= Seven Spears of Shizugatake =

Bodyguards for Toyotomi Hideyoshi

The Seven Spears of Shizugatake (賤ヶ岳の七本槍, Shizugatake no shichi-hon-yari) is a sobriquet given to 7 vassals of Toyotomi Hideyoshi famed for their participation at the Battle of Shizugatake in 1583. According to legend, at the decisive moment in the battle, Hideyoshi ordered them to leave their position and charge at the opposing army led by Shibata Katsuie. After Hideyoshi gained control of Japan, he recognized the Seven Spears for their meritorious service at Shizugatake and promoted many of them to influential vassal positions.

While the term "Seven Spears of Shizugatake" was not mentioned by name in the time of Hideyoshi, later generations count them as the following:

| Name | Fukushima Masanori | Hirano Nagayasu | Kasuya Takenori | Katagiri Katsumoto | Katō Kiyomasa | Katō Yoshiaki | Wakisaka Yasuharu |
|---|---|---|---|---|---|---|---|
| Portrait |  |  |  |  |  |  |  |
| Life date | 1561–1624 | 1559–1628 | 1562–1607 | 1556–1615 | 1562–1611 | 1563–1631 | 1554–1626 |

== Historiography ==
The name "Seven Spears of Shizugatake" is somewhat of a misnomer, as the term may not have appeared until the Edo-period Tenshōki record authored by Ōmura Yūko, in which not 7, but 9, of Hideyoshi's vassals were compensated for their service at Shizugatake.

In addition to the seven traditionally listed samurai, Ōmura's account also mentions:

- Sakurai Iekazu (d. 1596) - former house servant of Hideyoshi; later served Hideyoshi's half-brother Toyotomi Hidenaga and adopted son Hideyasu; was granted a 3,000-koku domain in Tanba Province for his service at Shizugatake
- Ishikawa Kazumitsu (d. 1583) - hereditary servant of the Toyotomi alongside his brother, Yoriaki; was killed in battle at Shizugatake, after which Hideyoshi praised his achievement and granted 1,000 koku to Yoriaki

The term of "Seven Spears" is elsewhere alleged to have first appeared in the Taikōki record compiled by Oze Hoan in 1625, 42 years after the Battle of Shizugatake.

Recent academic research has questioned the true achievements of these figures in Shizugatake.
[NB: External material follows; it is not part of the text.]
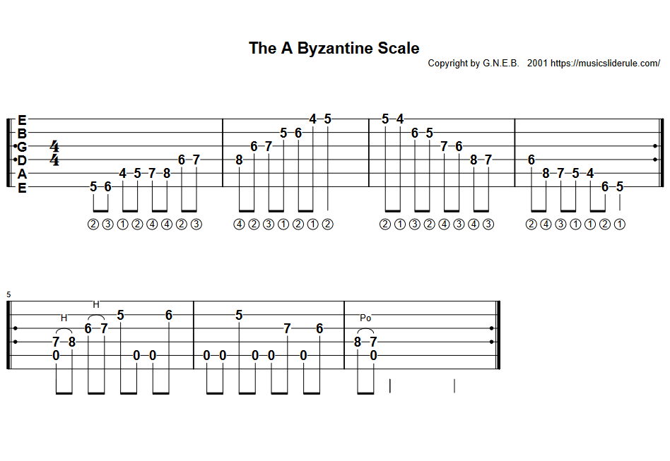 The Byzantine Scale is great for creating an eastern sounding drone type of effect, such as the short example in bars 5-7. The open A string acts as a repetitive drone. Try and experiment for yourself with this scale, it can be a lot of fun.

It is likely that their importance in the battle was greatly exaggerated by Hideyoshi, who did not yet have any vassals with established reputation or strong influence. According to other historical records, Katō Kiyomasa's rise to fame was largely owed to his accomplishments in the financial and civil administration of the Hashiba family; the anecdotes of his legendary military feats in Shizugatake were unconfirmed. Fukushima Masanori also claimed that he felt embarrassed to be compared with Wakizaka Yasuharu.
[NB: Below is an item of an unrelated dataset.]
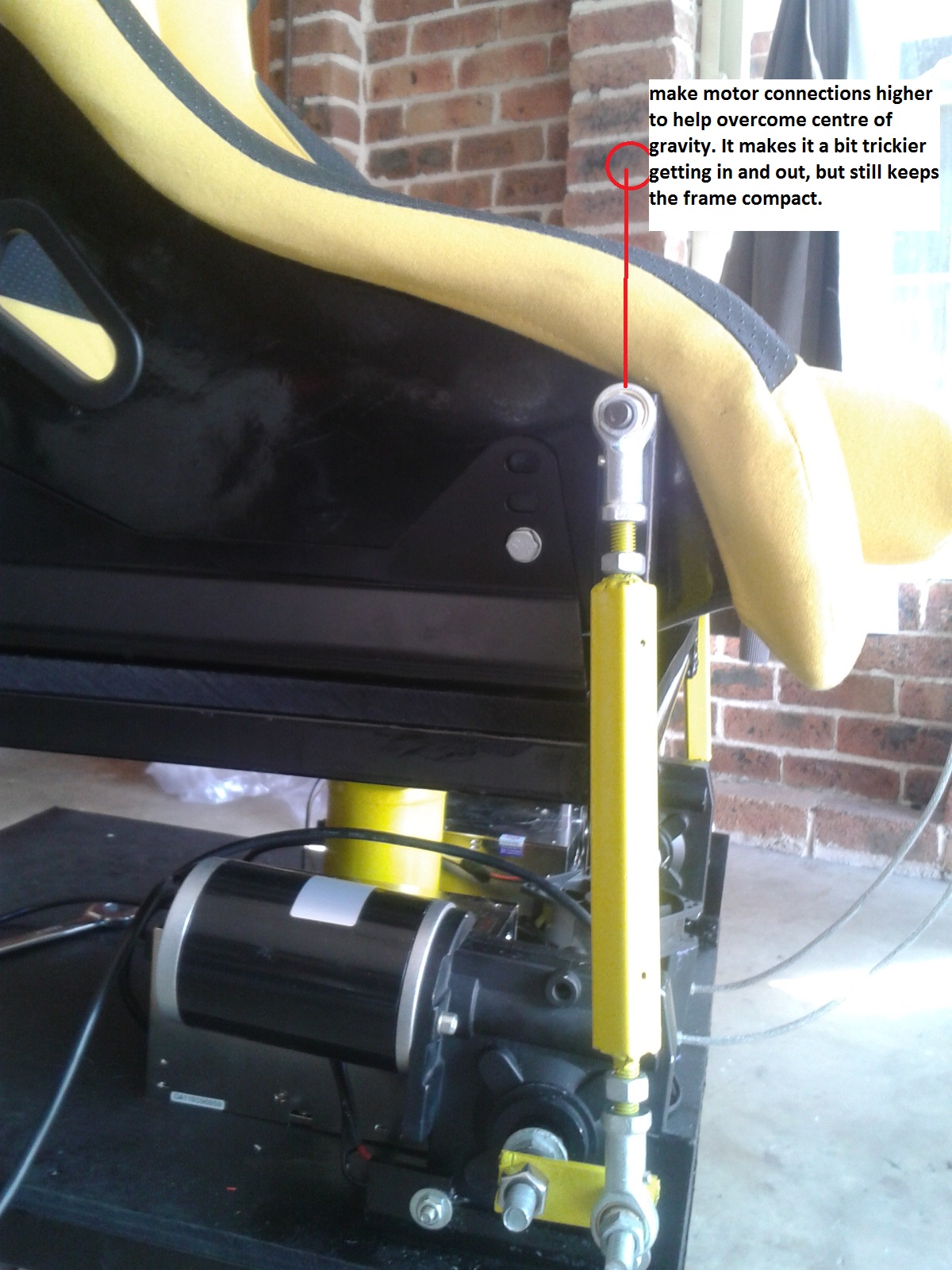As for getting in and out , in that case, make them as high as you can without going to shoulder height, so above knee height if your knees are higher than your belly or belly height is gut is above knees would be ideal. The bass shaker would need to be moved. I think @Nick Moxley has good ideas where they can go. He did a static to seat mover conversion as well, but with shoulder mounted motors

At the Battle of Sekigahara and Siege of Osaka, six of the Seven Spears betrayed Toyotomi Hideyori, the son of Hideyoshi, and sided with Tokugawa Ieyasu. The sole Toyotomi loyalist of the Seven Spears was Kasuya Takenori, who fought at Sekigahara under Ishida Mitsunari; nevertheless, he was later pardoned by the victorious Ieyasu. After siding with Ieyasu at Sekigahara, Hirano Nagayasu attempted to switch sides again and join Toyotomi Hideyori in the Siege of Osaka, but was denied entry to Osaka Castle.